DDTrace
DDTrace is an open-source APM (Application Performance Monitoring) product by DataDog. The DDTrace Agent embedded in DataKit is used to receive, process, and analyze data in the DataDog Tracing protocol.
DDTrace Documentation and Examples¶
-
Python
SDK · Documentation · Example
-
Java
SDK · Documentation · Example
-
Ruby
SDK · Documentation · Example
-
Golang
SDK · Documentation · Example
-
PHP
SDK · Documentation · Example
-
NodeJS
SDK · Documentation · Example
-
C++
SDK · Documentation · Example
-
.NET
Info
We have made some functional extensions to DDTrace to support more mainstream frameworks and more granular data tracing.
Configuration¶
Go to the conf.d/samples directory under the DataKit installation directory, copy ddtrace.conf.sample and name it ddtrace.conf. Examples are as follows:
[[inputs.ddtrace]]
## DDTrace Agent endpoints register by version respectively.

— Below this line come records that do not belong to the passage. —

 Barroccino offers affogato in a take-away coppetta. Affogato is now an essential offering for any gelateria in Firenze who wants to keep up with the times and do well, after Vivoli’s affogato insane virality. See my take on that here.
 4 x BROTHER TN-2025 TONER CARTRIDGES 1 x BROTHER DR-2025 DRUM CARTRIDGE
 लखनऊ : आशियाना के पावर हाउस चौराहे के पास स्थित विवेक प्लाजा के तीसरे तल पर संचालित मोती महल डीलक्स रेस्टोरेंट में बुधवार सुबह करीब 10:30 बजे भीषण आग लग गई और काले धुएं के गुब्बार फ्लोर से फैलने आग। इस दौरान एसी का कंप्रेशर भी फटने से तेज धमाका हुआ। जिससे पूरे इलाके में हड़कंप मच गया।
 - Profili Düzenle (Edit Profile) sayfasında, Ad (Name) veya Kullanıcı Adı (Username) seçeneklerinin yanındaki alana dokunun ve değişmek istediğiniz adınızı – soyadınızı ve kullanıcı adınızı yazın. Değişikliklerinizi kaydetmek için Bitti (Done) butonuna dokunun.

## Endpoints can be skipped listen by remove them from the list.
## NOTE: DO NOT EDIT.
endpoints = ["/v0.3/traces", "/v0.4/traces", "/v0.5/traces"]
## customer_tags will work as a whitelist to prevent tags send to data center.

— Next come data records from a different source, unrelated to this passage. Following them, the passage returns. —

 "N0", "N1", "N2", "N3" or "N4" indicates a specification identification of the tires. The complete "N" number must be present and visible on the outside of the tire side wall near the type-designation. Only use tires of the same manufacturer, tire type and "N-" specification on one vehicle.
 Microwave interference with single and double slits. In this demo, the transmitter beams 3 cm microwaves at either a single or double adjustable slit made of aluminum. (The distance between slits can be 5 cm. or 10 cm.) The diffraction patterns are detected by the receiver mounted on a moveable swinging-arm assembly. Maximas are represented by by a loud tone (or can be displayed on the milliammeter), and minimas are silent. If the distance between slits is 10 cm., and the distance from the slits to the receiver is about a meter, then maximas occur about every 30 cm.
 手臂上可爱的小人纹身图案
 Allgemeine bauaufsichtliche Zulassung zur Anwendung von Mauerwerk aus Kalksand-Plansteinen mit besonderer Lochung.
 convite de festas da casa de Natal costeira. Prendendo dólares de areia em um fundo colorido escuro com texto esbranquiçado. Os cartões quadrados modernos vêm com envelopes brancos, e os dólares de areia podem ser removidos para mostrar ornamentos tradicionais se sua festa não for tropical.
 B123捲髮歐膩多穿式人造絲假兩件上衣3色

## All . will replace to _ ,like this :
## "project.name" to send to center is "project_name"
# customer_tags = ["sink_project", "custom_dd_tag", "reg:key_*"]
## Keep rare tracing resources list switch.
## If some resources are rare enough(not presend in 1 hour), those resource will always send
## to data center and do not consider samplers and filters.
# keep_rare_resource = false
## By default every error presents in span will be send to data center and omit any filters or
## sampler. If you want to get rid of some error status, you can set the error status list here.
# omit_err_status = ["404"]
## compatible otel: It is possible to compatible OTEL Trace with DDTrace trace.
## make span_id and parent_id to hex encoding.
# compatible_otel=true
## It is possible to compatible B3/B3Multi TraceID with DDTrace.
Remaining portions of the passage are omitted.